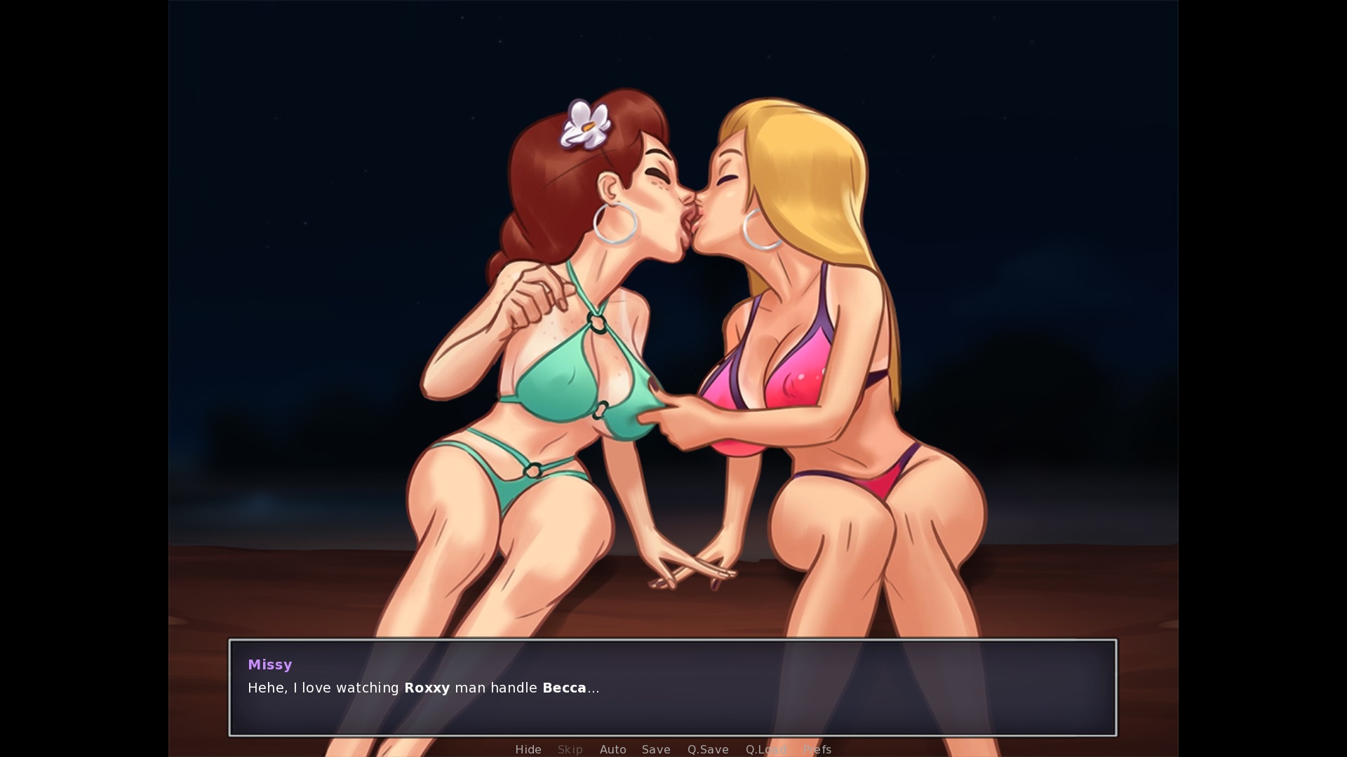 During the scene with Missy if she wins final spin: "I want you to fuck her till she's too tired to open her stupid mouth!" > add an apostrophe before till, like 'till During spin the bottle (not the first time): "Hehe, I love watching Roxxy man handle Becca..." > remove the space between "man" and "handle", manhandle is one word During spin the bottle (not the first time): "Cause she's usually such a stuck up bitch, you know?" > add an apostrophe before "Cause", like 'Cause |
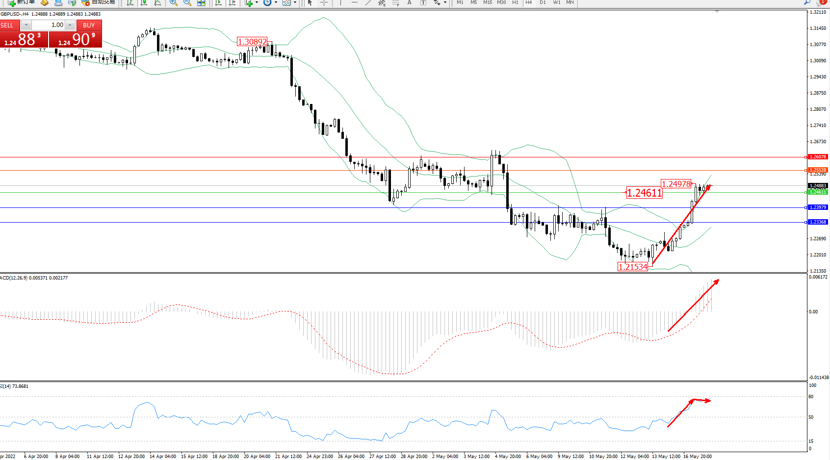 交易策略:1.24611上方看涨,目标1.25528、1.26078
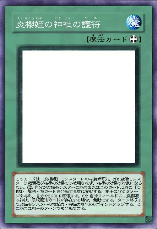 | このカードは「炎櫻姫」モンスターにのみ装備可能。①:装備モンスターは戦闘及び相手の効果では破壊されず、相手の効果の対象にならない。②:自分が装備モンスターの効果またはこのカード以外の「炎櫻姫」魔法・罠カードを発動する度に発動する。相手に200ダメージを与え、自分を200LP回復する。③:自分フィールドに「炎櫻姫の神社」永続魔法カードが存在する場合、発動できる。ターン終了まで装備モンスターの攻撃力・守備力を1000ポイントアップする。この効果は相手のターンでも発動できる。 | |||
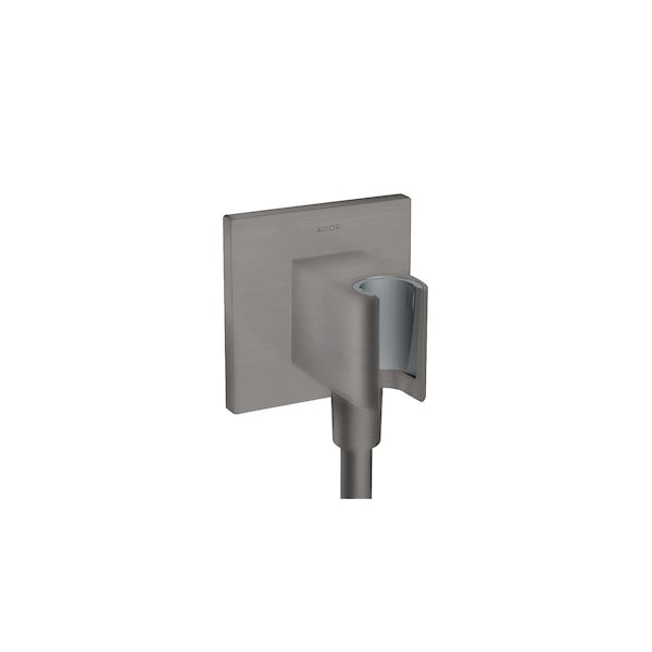 ShowerSolutions Wall Outlet with Handshower Holder, Square in Brushed Black Chrome
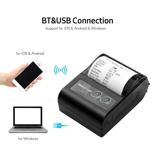 Key Features: Portable 58mm Wireless BT Mobile Thermal Receipt Printer. Dual-mode design, support USB wired and BT connection, can be printed at a distance, more convenient to use. Thermal printing, no ink cartridge/carbon ribbon required, saves the cost of expensive consumables, clear printing. 58mm paper width, 48mm effective print width, support 203dpi(8dots/mm) resolution. Small size and lightweight, easy to carry around. Built-in 1500mAh large capacity rechargeable lithium battery, low power consumption, long standby time. Wide application, widely used in supermarket, restaurant, retail store, warehouse, parking lot, etc.
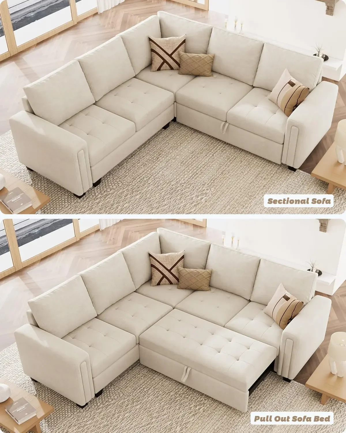 Модульный секционный диван-трансформер, бархатный L-образный секционный диван для квартиры, бежевый цвет
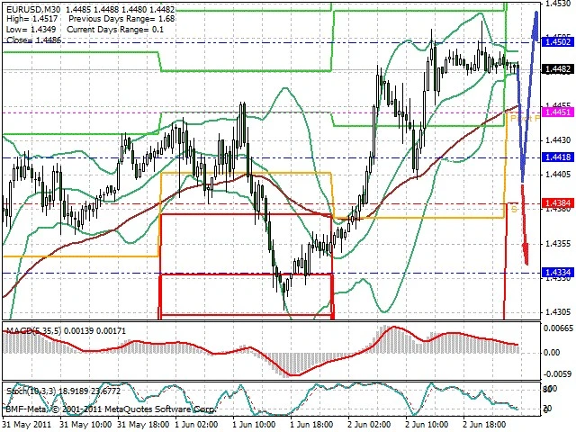 Předpokládaný pohyb pro dnešní den LONG. Případné vstupy do obchodu z hladiny 1.441 s předpokládaným cílem 1.452, případně až 1.4545. Proražení hladiny 1.44 může vést k pohybu s pravděpodobným cílem 1.434 až 1.43.
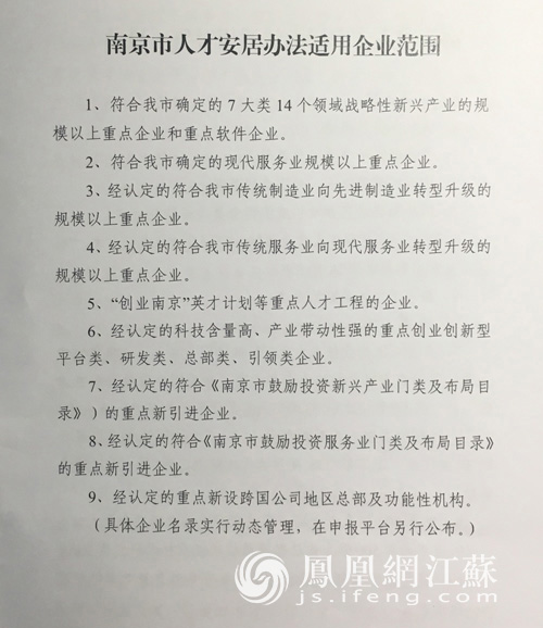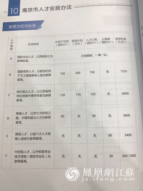 为更好地吸引和留住各类优秀人才在南京创业创新,南京将实行人才安居办法,为中高层次人才和广大的高校毕业生提供住房保障。2017年4月25日上午,南京市市长缪瑞林在第十届留交会上宣布《南京市人才安居办法(试行)》(以下简称“办法”)正式发布。 当日下午,南京市政府召开新闻发布会,南京市房产局、人社局、发改委等多部门负责人对办法进行联合解读。凤凰网江苏从会上获悉,办法将从7月1日开始实施。 根据南京市住房保障和房产局局长郭宏定在会上的介绍,“十三五”规划接下来的四年内,南京市大约将有16万人享受人才安居政策。 那么,哪些人才适用于人才安居办法,不同类别人才的安居标准又是什么? 适用人才五年内在宁无房屋交易 人才安居是指政府使用财政资金或提供优惠政策,为本市经济社会发展所需的人才提供住房保障的活动。 南京市人才安居的适用对象应符合以下条件: (一)在《南京市人才安居办法适用企业范围》中在岗在职人员。 (二)符合《南京市人才安居办法适用对象(目录)》中的A、B、C、D、E、F类人才的认定条件。 (三)本市户籍,且住房未达本办法确定的安居标准或非本市户籍、在宁无自有住房,且在本市5年内无住房登记信息和房屋交易记录。 六类人才享有不同安居标准 根据办法的规定,享受安居政策的人才分为A到F六类。其中: A类人才和在本市承担国家(国际)重大项目的人才,实行“一人一策、一事一议”。 B类人才可申请150平方米左右的共有产权房或人才公寓;申请购房补贴的,补贴标准为实际购房金额的50%,最高200万元;申请租赁补贴的,补贴金额为每月7500元。 与B类人才相似,C类人才同样可以选择申请共有产权房、人才公寓、购房补贴和租赁补贴中的一种安居方式,实物配置和货币补贴的标准略微下降;D类人才及以下则不享受购房补贴。 高校毕业生被划分为F类人才。取得全日制大学本科及以上学历并获得相应学位的国内外高校毕业生,毕业2年内在宁就业且签订1年及以上期限劳动合同,或在宁自主创业,缴纳企业职工社会保险后,可申请面积为30平米左右的公共租赁住房或600-1000元的租赁补贴。 房源来自哪里? 《办法》指出,人才安居住房以区、园区等产业载体建设为主。江北新区及开发区、其他产业载体等投资新建、购买、租赁是房源筹集的渠道之一。 南京市住房保障和房产局局长郭宏定在会上介绍,用人需求集中的地方将是共有产权房、人才公寓和公共租赁房建设的重点区域,例如,江北新区作为创业创新的热土,将成为建设该类房屋和相关配套的集中区域。 新引进的、投资规模大的、产业层次高的企业,在满足城市规划的前提下,经批准,可以专项配套建设人才公寓和公共租赁住房。 政策如何兑现? 人才安居政策需由企业负责申请。各类适用人才需对照认定标准向企业提出申请。 先进制造业、现代服务业、战略性新兴产业将得到人才安居政策的重点支持。凤凰网江苏注意到,人才安居鼓励创业创新,新创办的企业,如符合南京市产业发展方向,属于《南京市人才安居办法适用企业范围》,即可申请。 人才通过审核后,实物安置由区(园区)房产部门或房源管理单位配售(租);货币补贴直接发放到人才个人账户。 此外,人才安居申请的政策享受期为5年,其中共有产权房、购房补贴只能享受一期;人才安居政策最多享受两期。(张珏婷) http://js.ifeng.com/a/20170425/5610955_0.shtml
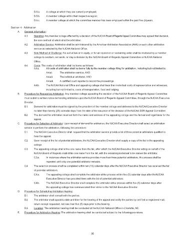 B. Procedure for Requesting Arbitration: Any member college appealing the decision of the NJCAA Board of Regents Appeal Committee
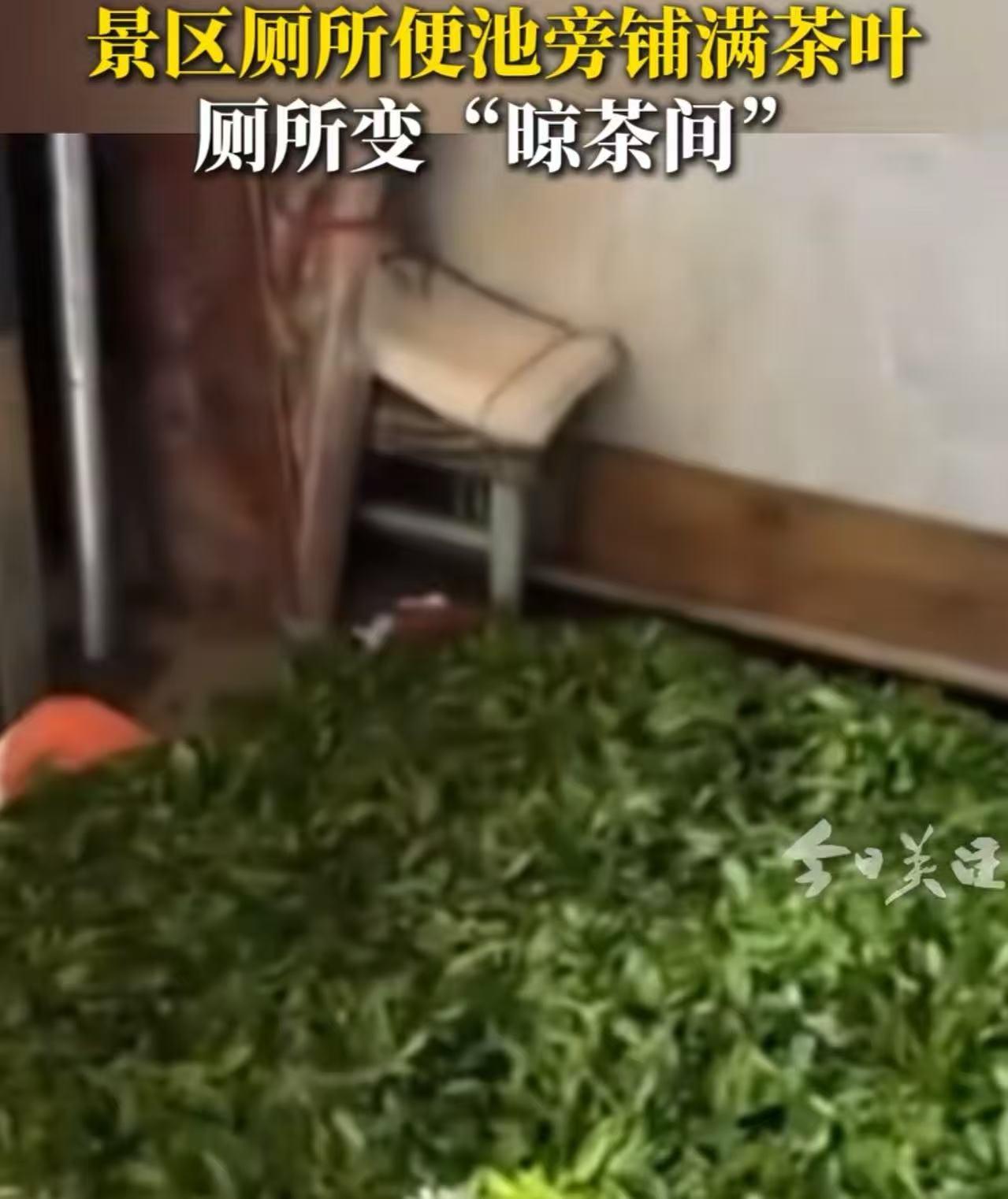 丽水摊上大事了!女子去丽水旅游,在景区上厕所时惊呆了,厕所地面上居然铺满了村民晒的茶叶!女子发视频质问:“厕所臭气熏天,地面都是污垢!茶叶晒干不洗直接就炒,在厕所里晾过的茶叶,上面得沾多少细菌?”
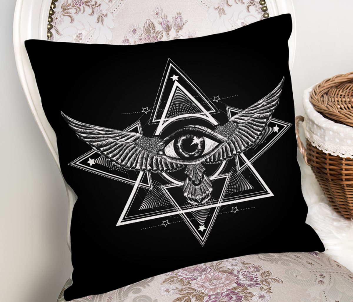 Özel Tasarım Kanatlı Üçüncü Göz Motifli Dijital Baskılı Kırlent Kılıfı
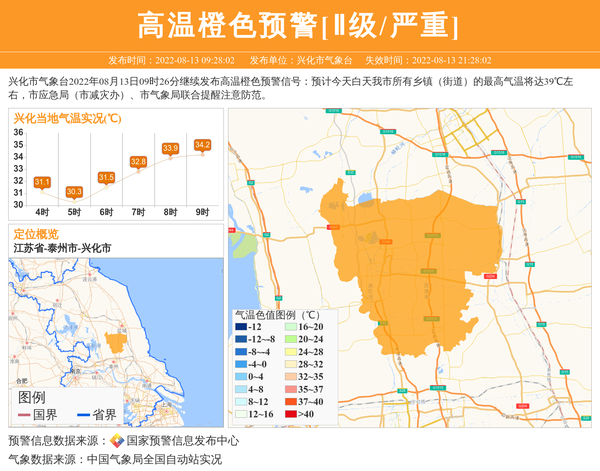 兴化市气象台2022年08月13日09时26分继续发布高温橙色预警信号:预计今天白天我市所有乡镇(街道)的最高气温将达39℃左右,市应急局(市减灾办)、市气象局联合提醒注意防范。 信息来源:国家预警信息发布中心; 发布单位:兴化市气象台。

....

__Exercise brief__: Leave out any pictures, please, and quote only the lines from the top of the data through the line that contains "Předpokládaný pohyb pro".

__Response below__:
 During the scene with Missy if she wins final spin: "I want you to fuck her till she's too tired to open her stupid mouth!" > add an apostrophe before till, like 'till During spin the bottle (not the first time): "Hehe, I love watching Roxxy man handle Becca..." > remove the space between "man" and "handle", manhandle is one word During spin the bottle (not the first time): "Cause she's usually such a stuck up bitch, you know?" > add an apostrophe before "Cause", like 'Cause |
 交易策略:1.24611上方看涨,目标1.25528、1.26078
 | このカードは「炎櫻姫」モンスターにのみ装備可能。①:装備モンスターは戦闘及び相手の効果では破壊されず、相手の効果の対象にならない。②:自分が装備モンスターの効果またはこのカード以外の「炎櫻姫」魔法・罠カードを発動する度に発動する。相手に200ダメージを与え、自分を200LP回復する。③:自分フィールドに「炎櫻姫の神社」永続魔法カードが存在する場合、発動できる。ターン終了まで装備モンスターの攻撃力・守備力を1000ポイントアップする。この効果は相手のターンでも発動できる。 | |||
 ShowerSolutions Wall Outlet with Handshower Holder, Square in Brushed Black Chrome
 Key Features: Portable 58mm Wireless BT Mobile Thermal Receipt Printer. Dual-mode design, support USB wired and BT connection, can be printed at a distance, more convenient to use. Thermal printing, no ink cartridge/carbon ribbon required, saves the cost of expensive consumables, clear printing. 58mm paper width, 48mm effective print width, support 203dpi(8dots/mm) resolution. Small size and lightweight, easy to carry around. Built-in 1500mAh large capacity rechargeable lithium battery, low power consumption, long standby time. Wide application, widely used in supermarket, restaurant, retail store, warehouse, parking lot, etc.
 Модульный секционный диван-трансформер, бархатный L-образный секционный диван для квартиры, бежевый цвет
 Předpokládaný pohyb pro dnešní den LONG. Případné vstupy do obchodu z hladiny 1.441 s předpokládaným cílem 1.452, případně až 1.4545. Proražení hladiny 1.44 může vést k pohybu s pravděpodobným cílem 1.434 až 1.43.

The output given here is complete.